_Work to complete_
Copy the listing below exactly, but skip the pictures.

_Source data_

- - - - - - -

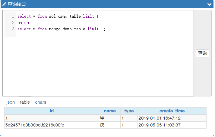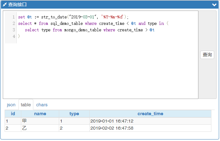 - 在一条 sql 里联合查询 mysql 和 mongodb 两个数据源
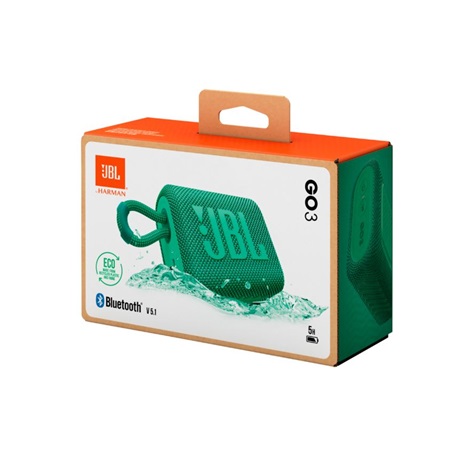 Új, innovatív, környezetbarát kialakítás – ugyanaz a nagy hangteljesítmény. Tedd egy kicsit zöldebbé a világot egy kötelező kiegészítővel; a váz 90% újrahasznosított műanyagból, a hangszórórács 100%-ban újrahasznosított szövetből készült.Trendi, hordozható és vízálló. A JBL Go 3 ECO merész stílusú és gazdag JBL Pro Sound hangzással rendelkezik. Az új, szemet gyönyörködtető dizájnnal, színes szövetekkel és kifejező részletekkel elengedhetetlen kiegészítő akár egy kiránduláshoz. Hangzása fantasztikus a JBL Pro Sound segítségével, IP67-es besorolással fokozottan víz- és porálló, így folyamatosan hallgathatod esőben is, az integrált hurokkal pedig bárhová magával viheted. A JBL Go 3 ECO olyan jól néz ki, mint ahogy szól.
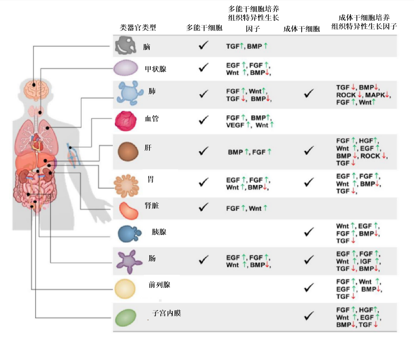 成功建立類器官的關鍵,除了所需的生物材料基質外,生長因子作為細胞培養、增殖及分化所必需的物質也必當優先考慮,從而保證類器官中的干細胞長期生存的能力。通過優化培養物生長條件模擬生理組織自我更新或損傷修復過程中的干細胞巢環境,如提供基底膜基質(即Matrigengel)并添加一系列激動劑(如Wnt和酪氨酸激酶受體)和抑制劑(如骨形態發生蛋白/轉化生長因子-β)可達到上述目的。不同的生長因子組合也能誘導多能干細胞向不同的類器官細胞分化進而獲得我們需要的類器官類型(圖1),同時不同的細胞因子也是培養不同種類的類器官的關鍵物質(圖2)。

- - - - - - -

_Problem solution_
 - 在一条 sql 里联合查询 mysql 和 mongodb 两个数据源
 Új, innovatív, környezetbarát kialakítás – ugyanaz a nagy hangteljesítmény. Tedd egy kicsit zöldebbé a világot egy kötelező kiegészítővel; a váz 90% újrahasznosított műanyagból, a hangszórórács 100%-ban újrahasznosított szövetből készült.Trendi, hordozható és vízálló. A JBL Go 3 ECO merész stílusú és gazdag JBL Pro Sound hangzással rendelkezik. Az új, szemet gyönyörködtető dizájnnal, színes szövetekkel és kifejező részletekkel elengedhetetlen kiegészítő akár egy kiránduláshoz. Hangzása fantasztikus a JBL Pro Sound segítségével, IP67-es besorolással fokozottan víz- és porálló, így folyamatosan hallgathatod esőben is, az integrált hurokkal pedig bárhová magával viheted. A JBL Go 3 ECO olyan jól néz ki, mint ahogy szól.
 成功建立類器官的關鍵,除了所需的生物材料基質外,生長因子作為細胞培養、增殖及分化所必需的物質也必當優先考慮,從而保證類器官中的干細胞長期生存的能力。通過優化培養物生長條件模擬生理組織自我更新或損傷修復過程中的干細胞巢環境,如提供基底膜基質(即Matrigengel)并添加一系列激動劑(如Wnt和酪氨酸激酶受體)和抑制劑(如骨形態發生蛋白/轉化生長因子-β)可達到上述目的。不同的生長因子組合也能誘導多能干細胞向不同的類器官細胞分化進而獲得我們需要的類器官類型(圖1),同時不同的細胞因子也是培養不同種類的類器官的關鍵物質(圖2)。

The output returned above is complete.